# running emulated/VM Windows on FreeBSD for remote usage



## patpro (Feb 6, 2014)

Hello,

I have a FreeBSD 9.x headless box acting as gateway/firewall/LAN NFS server/etc. I would like to run a small Virtual Desktop Infrastructure (like VMware Horizon View for example) so that 1 client on the LAN can run a full remote windows.
It should support PCoIP as communication protocol, for best results. I played a little bit with Virtual Box, but it looks like I'm stuck with VNC...

Any idea?


----------



## SirDice (Feb 6, 2014)

If it's a Windows virtual machine why don't you enable Windows RDP?


----------



## patpro (Feb 6, 2014)

Well, I know almost nothing about this, but I do believe you can't enable everything on every Windows version: availability of services might depend on the release and the version of Windows. I'm likely to create a win98 VM.
Secondly, I'd be happy to extend the VDI to other OSes.
Finally, does Windows RDP support remote USB (plug USB drive on client, mount inside VM) ?


----------



## SirDice (Feb 6, 2014)

RDP is available from Windows 2000 and upwards. You really shouldn't be using Windows 98 any more, Microsoft stopped supporting it 8 years ago.

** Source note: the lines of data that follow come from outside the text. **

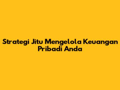 Strategi Jitu Mengelola Keuangan Pribadi Anda
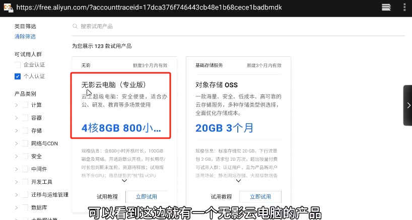 3、进入第二页可以看到这边就有一个无影云电脑的产品。
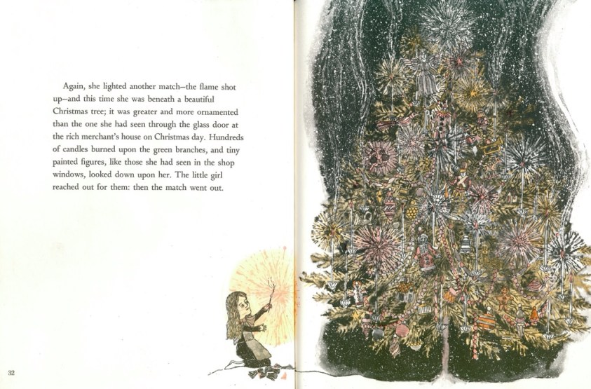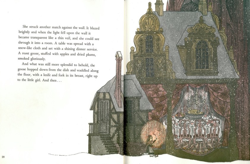 Barefoot she struggles on until she collapses against the wall of a great house. To keep warm she strikes the matches. One by one they reveal the luxuries within – a boiler, plump goose and laden Christmas tree. These are her final, tantalising moments. d
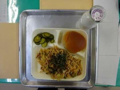 今日のメニューは、焼きそば、きゅうりのしょうがづけ、パン、牛乳です。1年生にとって初めての給食でした。明日は入学お祝い献立でカツカレーライスです。楽しみですね!
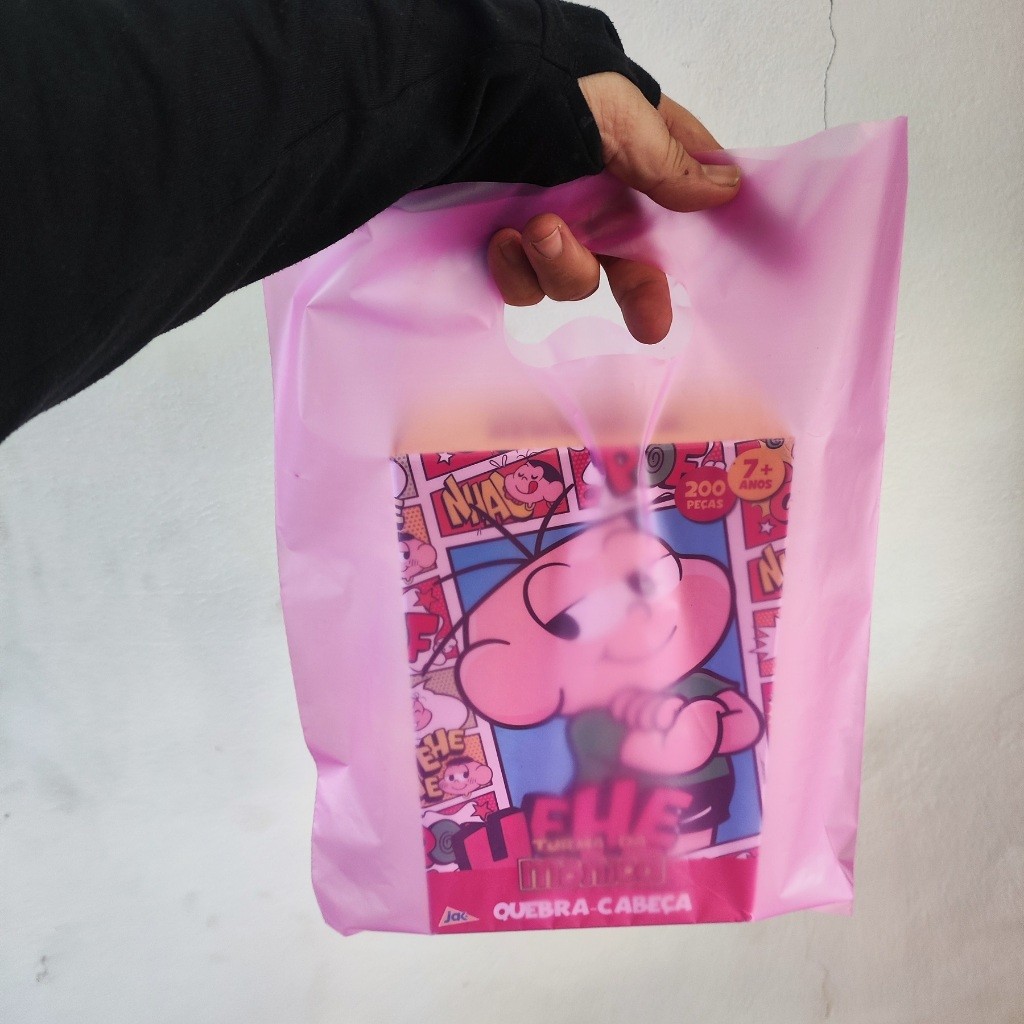 kit 50 Sacolas plásticas Boca de palhaço Vazada Transparente & Coloridas fosca, ( material premium)

The older versions of RDP don't support remote USB but recent versions should, at least partially: http://windows.microsoft.com/en-us/wind ... op-session


----------



## patpro (Feb 6, 2014)

I know that XP is not supported anymore, and that it's a very old release, but frankly I don't care. VDI means no GPU, not much RAM. I won't pay a brand new 8.1 license to find out it kills my fanless low-power FreeBSD box


----------



## SirDice (Feb 6, 2014)

patpro said:
			
		

> I know that XP is not supported anymore, and that it's a very old release,


XP is still supported, until April 2014. It's 98 that's not supported any more. And I very much doubt that recent third party software would install on it. XP should still work but a lot of new software requires at least Vista nowadays.


----------



## patpro (Feb 6, 2014)

Damn, sorry for the confusion. From the beginning I was thinking about Win XP, but wrote Win 98. My bad.

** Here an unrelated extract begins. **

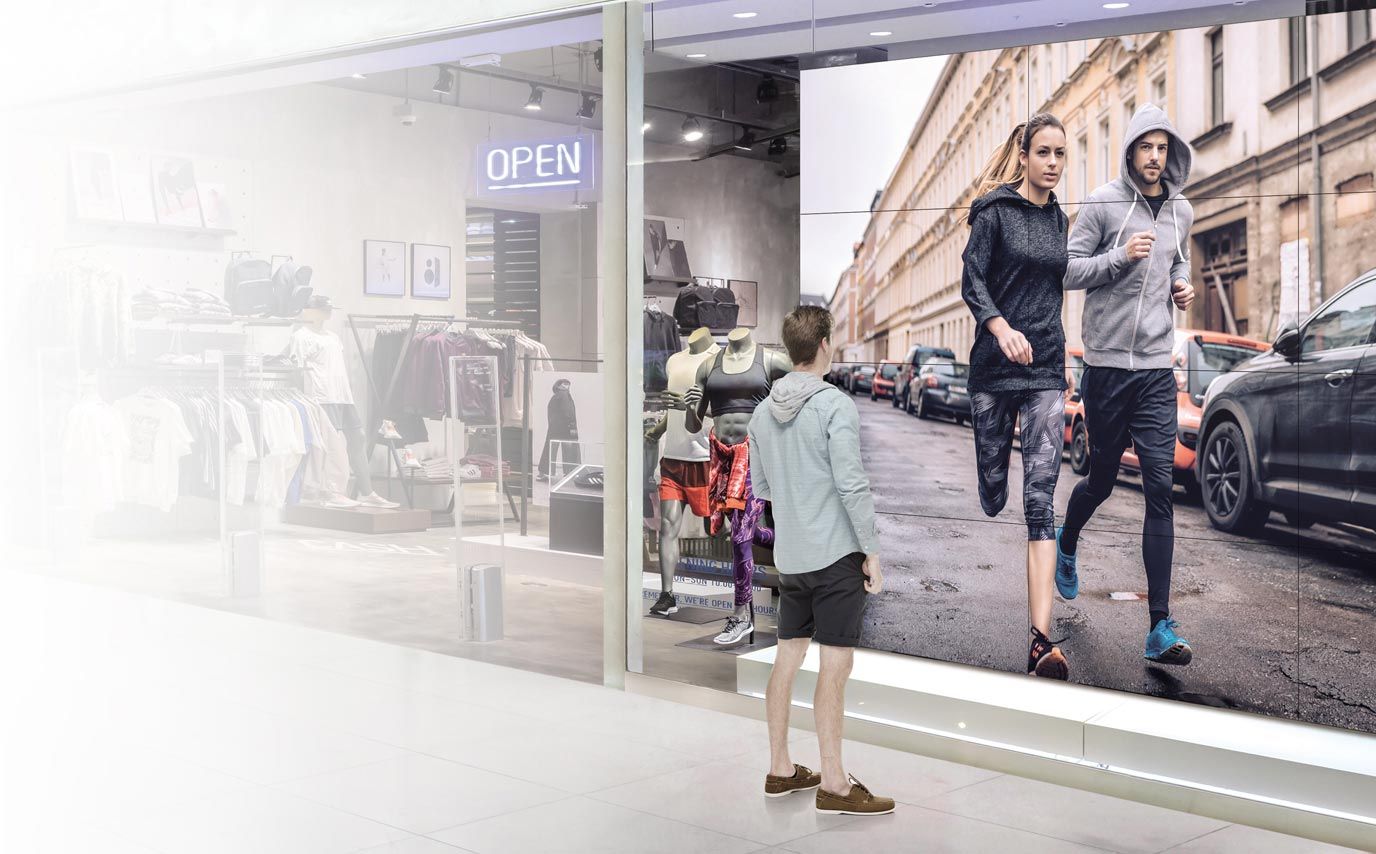 Ultracienka ramka pozwala stworzyć fantastyczną ściankę cyfrową efektywnie przekazującą dynamiczną treść i przyciągającą uwagę odbiorcy. Duży ekran skutecznie przyciąga uwagę przechodniów.

I don't intend to run modern software on this VM, and I know XP is all I need (I run other WinXP). I don't want this thread to turn into a "what is best windows as guest OS" discussion. My goal is to achieve VDI on top of FreeBSD headless box, with a communication protocol that would be - if possible - handled by hypervisor so that the guest OS is irrelevant. PCoIP would be great, because it allows many things (sound, USB...)


----------



## SirDice (Feb 6, 2014)

Windows XP's RDP does do sound but I'm not sure about the remote USB features. I'm afraid we don't have virtualization software that can do all the things you want it to do. I don't think Linux's XEN or KVM would either. Have you thought about running VMWare ESXi on bare metal? You would have to virtualize your FreeBSD but you can run both FreeBSD and Windows XP on the same machine at the same time.


----------



## patpro (Feb 6, 2014)

ESXi could be a solution, but don't want to get rid of FreeBSD as host system, and even ESXi does not come with PCoIP protocol.
May be Virtual Box is the way to go, but last time I checked the FreeBSD port, it lacked VRDP support (and apparently, it won't happen soon).


----------